Detailed differences in public concern about allergic rhinitis before and after the COVID-19 pandemic

We carefully comparing Internet searches for the four themes of allergic rhinitis before and after the COVID-19 pandemic, the initial increase in searches of “symptoms/complications” may have been due to some overlap between early symptoms of the COVID-19 infection and respiratory symptoms in patients with allergic rhinitis [39]. Therefore, people may utilize Internet searches for rhinitis symptoms to make a preliminary differential diagnosis of the two conditions. It was also worth noting that, the search volume of the theme “symptoms/complications” had another rapid growth peak after May 2021, which was exactly when the State Council accelerated the promotion of COVID-19 vaccination nationwide. At the same time, the CDC of China released the COVID-19 Vaccination Adverse Reaction Surveillance Report. Therefore, increasing internet searches of “symptoms/complications” of allergic rhinitis may also be driven by those potential adverse reactions that people experienced or were concerned about after the COVID-19 vaccination [40], including allergic rhinitis and other allergies.

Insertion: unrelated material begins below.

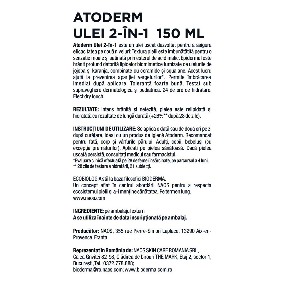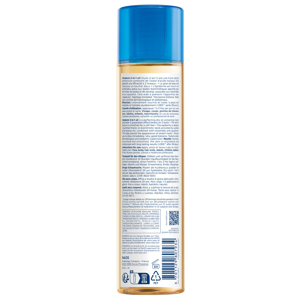 Atoderm Ulei 2-în-1 este un ulei uscat dezvoltat pentru a asigura eficacitatea pe două niveluri: Textura pielii este îmbunătățită pentru o senzație moale și satinată prin esterul de acid malic;
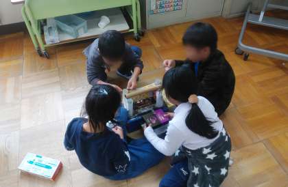 身の回りにある様々なかたちのものを使ったものづくりを通してその特徴について学びました。

On the other hand, for “disease”, “etiology” and “disease treatment/management” themes, the implementation of the quarantine policy has restricted people’s outdoor activities and reduced their opportunities for strenuous exercise, which may subsequently reduce the incidence of allergic rhinitis triggered by excessive physical activity [41], leading to decreased search interest of allergic rhinitis and its treatment after the COVID-19 outbreak. Moreover, our results showed that pollen-related keywords “hay fever” and “pollen allergy” dropped significantly after the COVID-19 outbreak. One explanation is that in order to prevent the spread of the COVID-19 virus, people consciously maintained social distance and wore masks in public places [10, 37, 38, 42], and these measures have blocked airborne pollen, allergen exposure and cold air irritation to a certain extent, therefore effectively avoiding the onset of the disease in patients with allergic rhinitis.

Correlation between air quality and online search behavior

In this study, the context of the COVID-19 pandemic provided us an opportunity to explore the relationship between daily air quality and public concern about allergic rhinitis, as well as their correlations with mask-wearing behavior. The correlation analysis focusing on Beijing area provided following main findings.

On the one hand, we noted that is, as air quality became worse, allergic rhinitis BSI increased accordingly before 2020, but decreased after the COVID-19 pandemic. Previous studies have shown that air pollutants can aggravate the symptoms of people with allergic rhinitis, and thus, air pollution was associated with allergic rhinitis episodes [20, 43]. Meanwhile, the implementation of national and local quarantine policies during the COVID-19 pandemic led to a reduction in human-related activities, such as industrial production and transportation, indirectly diminishing levels of urban air pollution [23, 24]. Therefore, we speculated that the effect of poor air quality on triggering allergic rhinitis may be attenuated by COVID-19 preventive and controlling measures. In the context of the COVID-19 epidemic, wearing masks can not only reduce the spread of the virus through the respiratory tract, but also simultaneously assist people with allergic rhinitis in reducing their exposure to air pollutants to cause allergic rhinitis onset [15, 44]. Therefore, the simultaneous improvements in air quality during quarantines and the adoption of mask-wearing were accompanied by a decline in search behavior related to allergic rhinitis.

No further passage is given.